I, for one, would like to hear the D. C. police chief explain why he thinks Levy did not take her own life. We now know that Miss Levy had plenty to be depressed about. She had lost her job, she thought she was "the only one" in Congressman Condit's life when, in fact, he had many lovers. She told others that she was convinced she could woo him away from his wife and family - a young girl's ridiculous fantasy. Could it be that this star-struck woman - deeply in love with the wrong man - finally faced the cold, hard truth of a powerful politician's capacity for deception, and could not bear it?

Suicide or murder, the D. C. police's inaction was nothing more than a direct result of a long standing, ill-conceived policy concerning missing persons.

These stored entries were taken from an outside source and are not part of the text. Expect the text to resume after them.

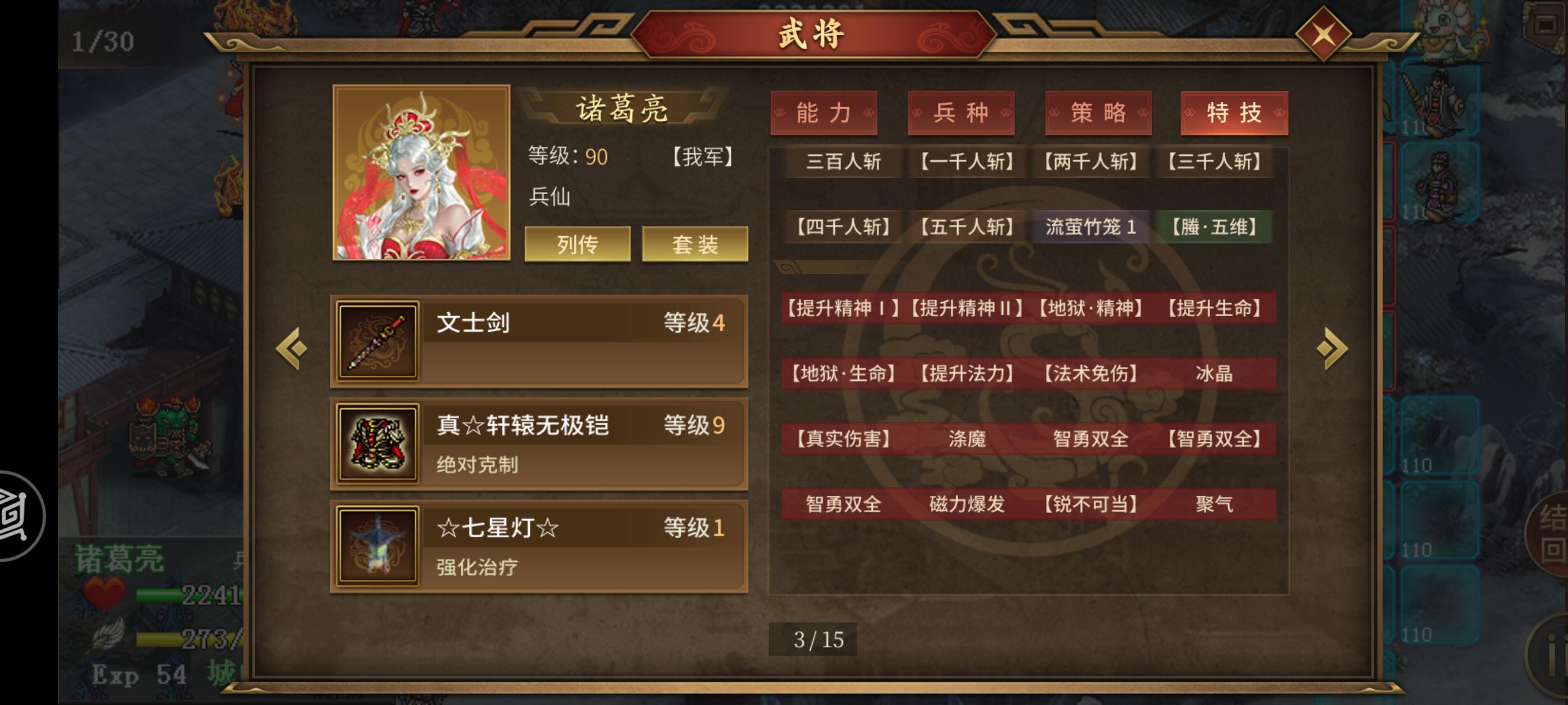 培养诸葛亮和司马懿诸葛亮套的是仙女皮,所以攻智一体,所以吃攻击果,给他加攻的装备,加攻的特技。诸葛亮我堆了很多羁绊,爬塔1万5层,再给他弄个黄月英神将,这样触发珠联璧合羁绊,司马懿的话,是智力果加智的装备和特技。在爬塔,1万2000多层进图就能秒敌人,一般的话都是1分钟以内一张图,强制关的话,除99关能够引导炸秒蚩尤,但需要15回合所以一般6分钟内通关,其他再难的强制关的话,也不会超过两分钟通关。
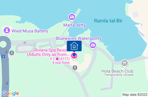 Hotel sa nachádza v severnej časti ostrova Malta v mestečku Mellieha, neďaleko zálivu Marfa. V blízkosti sa nachádzajú historické pamiatky (batéria Wied Musa - 300 metrov, veža svätej Agáty - približne 2 km). Hotel je vzdialený približne 2 km od najbližšej pláže a reštaurácií, 3,5 km od pláže v zálive Mellieha a 30 km od letiska.
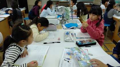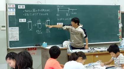 2時間目、4年生が理科室で理科の学習をしていました。「とじこめた空気のせいしつ」について、みんなで、考えていました。
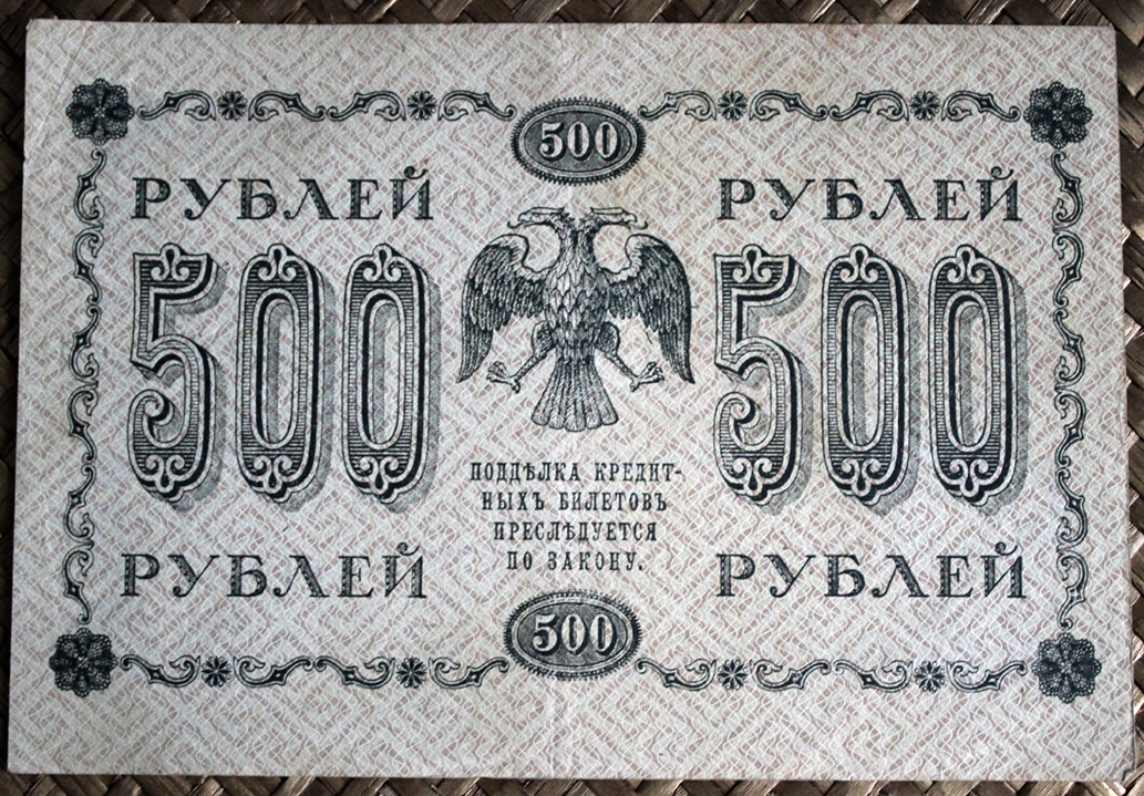 El ejemplar de 500 rublos de la RSFSR de 1918 ofrece grabados en tono verde oliva al anverso y gris al reverso. Su papel es de color verde oliva claro.

This outdated policy is based on the presumption that cities are safe. We should insist that new concepts regarding the missing be instituted immediately before some other young person disappears from the mean and dangerous streets of D. C. Why must parents be the ones to make, copy and distribute flyers and use volunteers to search woods and rivers? What are we paying the police to do?

Even if the D. C. police could point to instances when some individual did in fact "disappear" to escape the law, or creditors, or an angry spouse, how could those instances be applied in the Levy case? When investigators finally entered her apartment, what did they find? Not her missing wallet or other personal items. All they found was more evidence that Levy met with foul play, and yet they persisted with the "default" presumption that the "missing are presumed guilty" of their own disappearance, until proven "innocent" via the discovery of their own corpse.

I believe the presumption that a missing person has simply walked away from their own life to start a new life ought to have some basis. Police ought to establish a factual record supported by real evidence before they can justify not beginning an immediate search.

When innocent people simply disappear in a dangerous city like Washington, D.C., the presumption ought to be that they have met with foul play.

It's high time for law enforcement and politicians who set policy to rethink the approach they take when American citizens go missing. Let's stop presuming that the missing are guilty of anything. America's law enforcement agencies have a responsibility to initiate investigations before the trail has gone cold, and the D. C. police can lead the nation by making much needed policy changes now. ESR

Gary Aldrich is the president and founder of the Patrick Henry Center, nonprofit, non-partisan educational and charitable foundation. He is also the author of the bestseller, Unlimited Access: An FBI Agent Inside the Clinton White House.